The greatest PSP games ranked, from Metal Gear Solid: Peace Walker to Lumines

\It brought the power of PlayStation to the palm of your hand, fought bravely against Nintendo DS dominance and played host to pint-sized adventures for some of gaming\\\’s greatest heroes. Ladies and gentlemen: the PSP.

Sony recently drove another nail into the handheld system\\\’s already well-sealed coffin when it shuttered the North American PSP store after more than a decade of business. As the Vita\\\’s older brother gradually fades into memory, here are the games that made the system a portable prodigy.


It was the end of the world as we knew it, but we felt fine while painting the streets of New York City red with the blood of slain zombies in Infected.

An over-the-shoulder shooter with fun co-op modes and a dark sense of humour, Infected cast players as a slot gacor 777 rookie police officer whose blood holds the key to finding a cure for a virus that turned most of NYC into bloodthirsty zombies, not that visitors to the city noticed any difference.



You know those sequences in generic action movies where the protagonist leaps between vehicles to do battle with various enemies on top of them during a high-speed car chase? Well, somebody made an entire game of them, and it was as fun as it sounds.

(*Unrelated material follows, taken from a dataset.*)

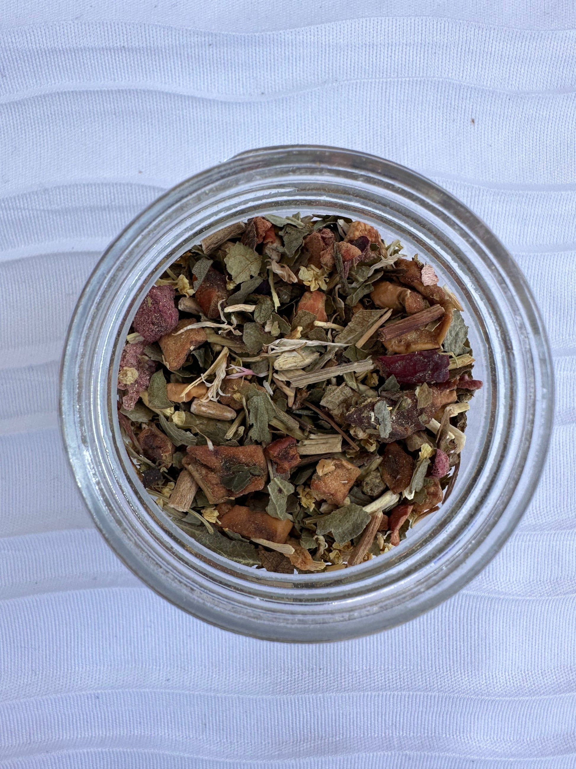 Ingredients: dried apple, mullein, strawberry leaf, ashwagandha root, elderflower, dried cranberries, freeze-dried strawberries, cornflower petals, pure extract.

That game was Pursuit Force, a PSP thrill ride that seamlessly combined driving and combat in one fast-paced mission after another. Polished, accessible, and it handled like a dream.

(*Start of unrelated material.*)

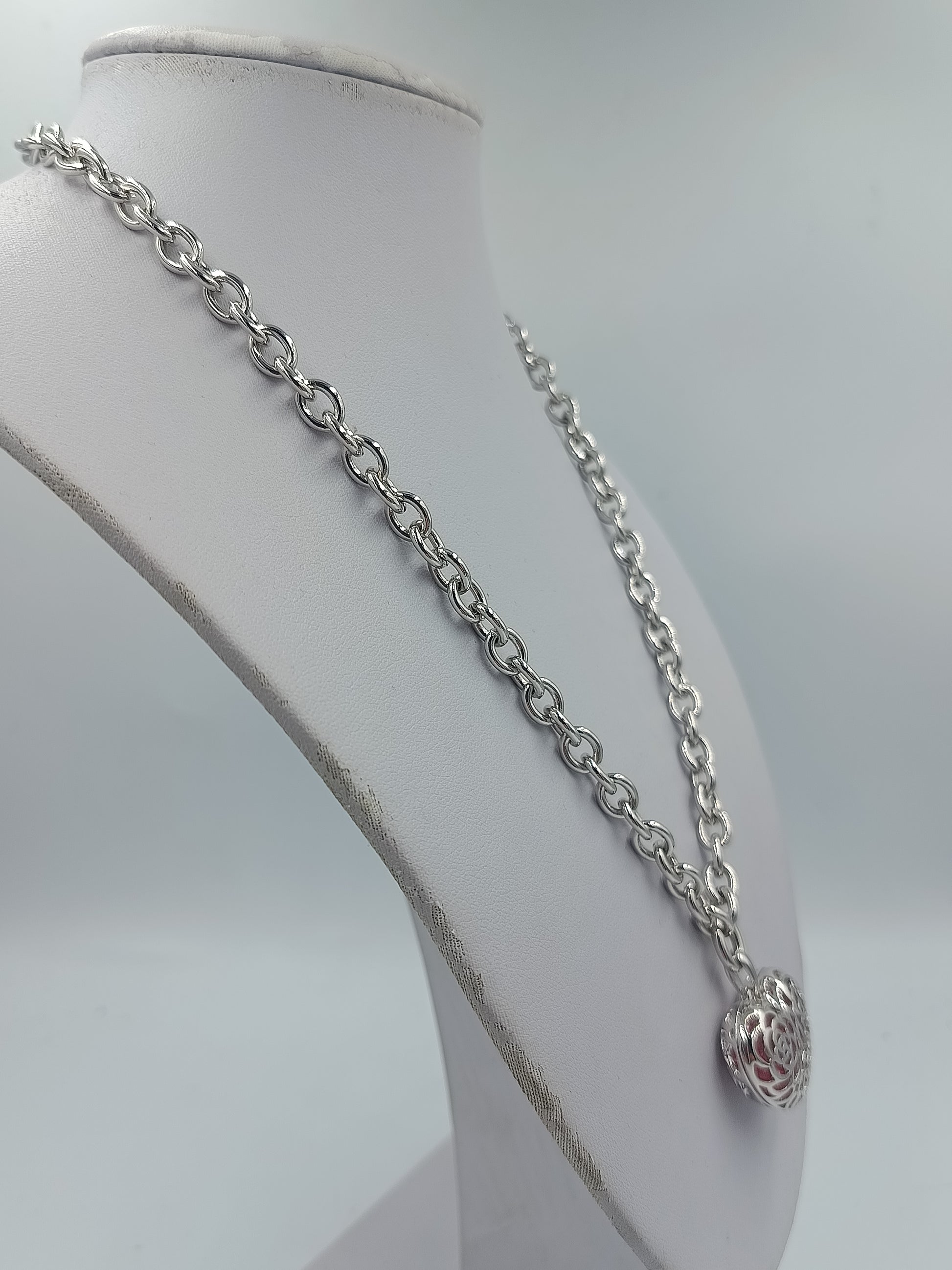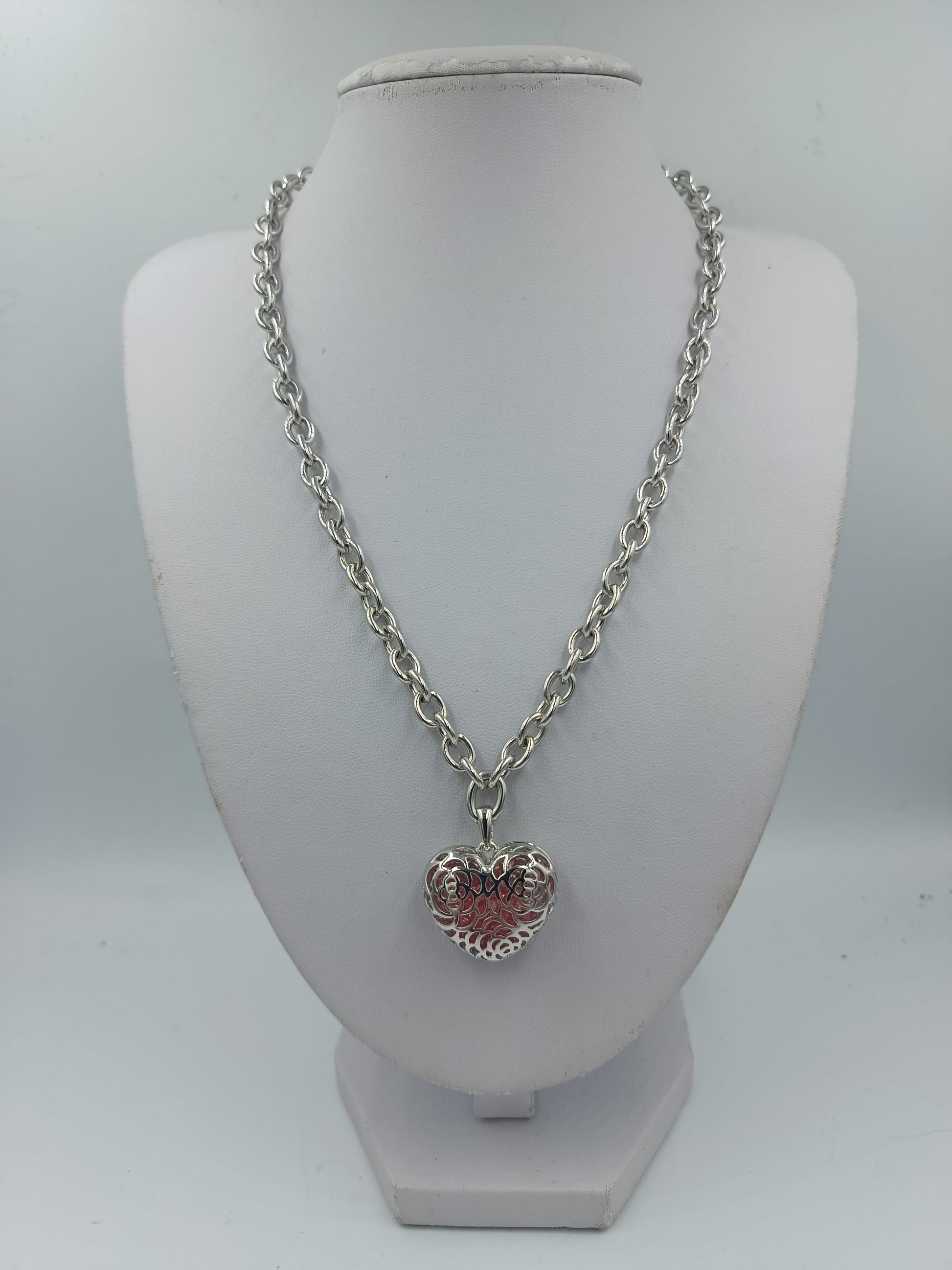 Stilvolle Halskette in silberfarbener Optik mit auffälligem Herzanhänger. Der fein gearbeitete Anhänger zeigt ein dekoratives Durchbruchmuster mit rotem Hintergrund und verleiht der Kette eine romantische Ausstrahlung. Die kräftige Gliederkette sorgt für einen sicheren Sitz und macht dieses Schmuckstück zu einem schönen Begleiter für Alltag und besondere Anlässe.
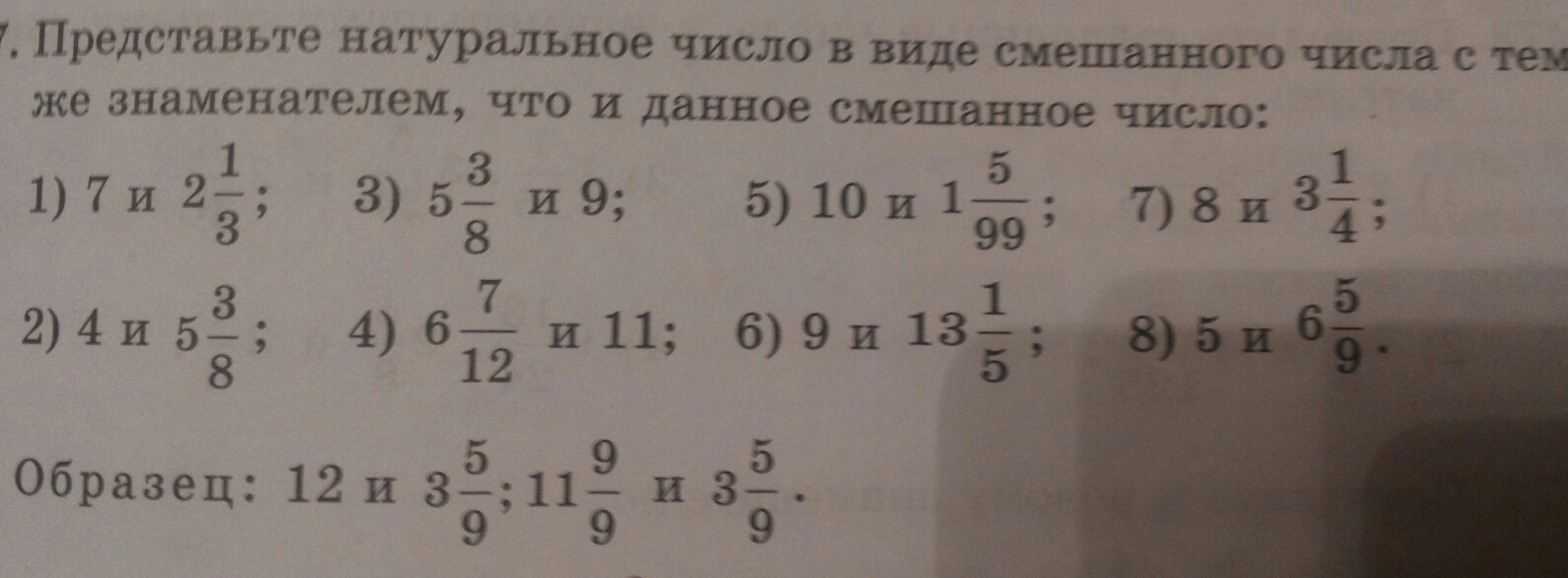 1) 7 и 2 1/3; 6 3/3 и 2 1/3

It\\\’s the sport you know and love, and Sony got it down to a tee when they released the ultra-accessible and fiendishly addictive Everybody\\\’s Golf for PSP.

This golf sim played to the handheld console\\\’s strengths, scoring a hole in one on the course called \\\’plug-and-play value\\\’ and racking up an eagle in the charm stakes with those enormous-headed, anime-inspired sprites.


Lemmings met Donkey Konga in Pyramid\\\’s rhythm-based puzzler Patapon 3, the third instalment in a series that was content to dance to its own tune.

Players guided a tribe of warriors by bashing out notes on a virtual drum, a novel idea that soared to a creative high in this threequel. Polished visuals, improved controls, and an all-new multiplayer mode made this the Keith Moon of drumming games.


This handheld prequel to PlayStation 2 smash Grand Theft Auto: Vice City did what the Rockstar series does best – allow players to live out their wildest criminal fantasies without being handed several life sentences.

Vice City Stories pulled off the task of scaling down the GTA formula for more humble hardware in style, pushing the PSP to its graphical limits and building on the framework laid down by fellow criminal masterminds Liberty City Stories and San Andreas.